Колупай снова стал писать, уже другое слово, но тут я не выдержал и отнял у него кирпич, после чего он на меня сел и стал садиться на голову, что было самым страшным оскорблением, и я нащупал кирпич и двинул ему по руке, и тогда он просто сунул кулаком под дых, и я покатился по своей любимой черной теплой земле и прикатился к стене.
Я лежал у стены и думал – ну почему он такой дурак?
– Еще хочешь? – сказал Колупай то, что всегда говорят в таких случаях.
– Я все равно сотру. Ты уйдешь, и я сотру.
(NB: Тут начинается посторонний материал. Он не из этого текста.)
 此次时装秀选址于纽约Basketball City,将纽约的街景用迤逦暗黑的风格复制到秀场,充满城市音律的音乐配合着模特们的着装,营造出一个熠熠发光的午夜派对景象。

Вечером сотру, утром сотру, днем сотру. Я не дам тебе писать на этой стене, – бормотал я.
И Колупай тогда сел на корточки, заглянул в мои глаза и спросил:
– Ты что, не понимаешь? Там тюрьма, туда мусора людей сажают.
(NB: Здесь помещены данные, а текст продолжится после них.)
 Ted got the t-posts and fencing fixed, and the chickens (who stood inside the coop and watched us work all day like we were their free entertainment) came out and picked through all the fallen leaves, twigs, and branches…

– Откуда ты знаешь? – ответил я. – Там военный завод. Там детали делают для пистолетов Макарова.
– А кто делает? Кто? – спросил меня Колупай.
И тут я вспомнил, что когда-то давно у Колупая был отец, когда еще он был маленький. А потом он куда-то исчез. Я хотел спросить: а что, твоего отца посадили? Но не стал...
Просто поднялся с земли и стал стирать рукавом неприличное слово.
– Дурак, – сказал Колупай. – Зачем тебе эта граница? За каким фигом? Это просто тупая стена. Неровная. Даже мячом об нее не подолбишь.
И тут я понял, что Колупай меня действительно не понимает, а объяснить нельзя. Впервые, в общем-то, я понял, что есть на свете такие вещи, которые объяснить нельзя, не получается.
Колупай продолжал бросать на завод камни и прочую гадость. Я продолжал любить зеленую стену и считать ее почти своей.
Так шло до того самого дня, когда мы с Колупаем лежали на крыше и впервые меня оттуда никто не гнал. Как вдруг...
Если в я не лежал на крыше, а, скажем, стоял, я бы с крыши, наверно, упал.
Через колючку лез человек. Человек был в пиджаке, старых ботинках, небритый и тихий. В кармане у него оттопыривалась четвертинка. Ну короче, это был дядя-алкаш. Сейчас говорят – бомж. А тогда бомжей не было. Были просто такие дяди, которых все обходили за три метра.
Он аккуратно перелез через колючку и спрыгнул на нашу крышу. Потом полез вниз.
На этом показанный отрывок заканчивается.